On the contrary, no traditional artistic manifestation has a coincidental, arbitrary value set by an imaginary tribunal. Nor is it assigned a personal value in the sense of being a creative production issuing from the hands of a particular artist who seeks to indicate something of greater or lesser personal inspiration. For that matter, traditional artists are anonymous. Their main interest lies in being the expression of one concept in relationship with other, complementary ones, all now shaping a veritable symphony of interrelated meanings. In consort, those meanings mold the culture of which particular beings are the children, and in which they realize themselves, in the broadest extension of the word. After all, this culture represents the total sum of their individual possibilities. 

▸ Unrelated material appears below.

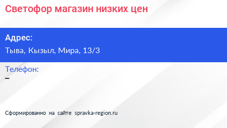Светофор, магазин низких цен по адресу Тыва, Кызыл, Мира, 13/3 в дальнейшем Организация, размещена в следующих категориях:

For this reason, true works of art are symbolic, in the sense that they are the testimony of a series of ideas, which solidify in distinct manifestations and must necessarily produce objects manufactured with art-artistic objects-to the extent that they are faithful to an original archetype. And it is obvious that, unless that ideal archetype is known, be it cosmogonic, philosophic, or cultural, little can be appreciated of traditional art; this is not to deny its beauty of form, or the richness and technique with which it has been developed, and these will be the door to a far greater appreciation of this art, an appreciation directly tied to a deeper knowledge of what the works in question really represent. For the-genuinely interested-contemporary viewer, such works ought to found their value not on mere aesthetic enjoyment, such as it is understood today, but on their evocative potential, such as might open to us the doors of contemplation, which is authentically constituted by the direct perception of beauty. 

But this cannot always be attained spontaneously or naturally. Rather the contrary: in most cases it will be the product of a training, a patient and concentrated apprenticeship. This will be specifically the case in a society like our own, a society totally alienated from symbolic keys and cosmogonical knowledge, a society that really ought to detach itself from its aesthetic prejudices and gradually begin to recover the capability of seeing the truth, which is now utterly befogged by all manner of created interests. 

Jorge Luis Borges tells us: "Music, happy states, mythology, faces shaped by time, certain twilights, certain places, seek to tell us something, or have told us something that we ought not to have lost, or are about to tell us something. This imminence of a revelation unproduced is perhaps the aesthetic event." These words could well be a description of what we feel when confronted with the Precolumbian arts-architecture, crafts, codices, and so on, taken as expressions of their culture-that is, when we come face to face with the symbols of a traditional society and attempt to know the "world" by their intermediary. 

Our first experience in the presence of the Precolumbian is an impression of mystery, of the sealed enigma, manifested in an apparently arranged and cohesive manner, the fruit of a thought unknown to us, a reality that escapes us and at the same time is manifested before our eyes. As we have already noted, this is a characteristic proper to all symbols-that they must be taught and learned in order to be known-and it becomes obvious in the ancient symbolical, mythologic, and ritual art of the New World as the expression of an overall conception of life, which the arts magically repeated and represented in a constant way that is enigmatic to us today. In this order of ideas, to the end that we may understand traditional cosmogony and theogony, perhaps we contemporaries ought to regard the world as a work of art-consider the universe to be the object of the most perfect design and the most finished, complete artistic manifestation. (After all, it contains everything possible, at the same time as containing every possibility.) Thus, the world will be the artistic act par excellence, the total expression of the creator-artist. 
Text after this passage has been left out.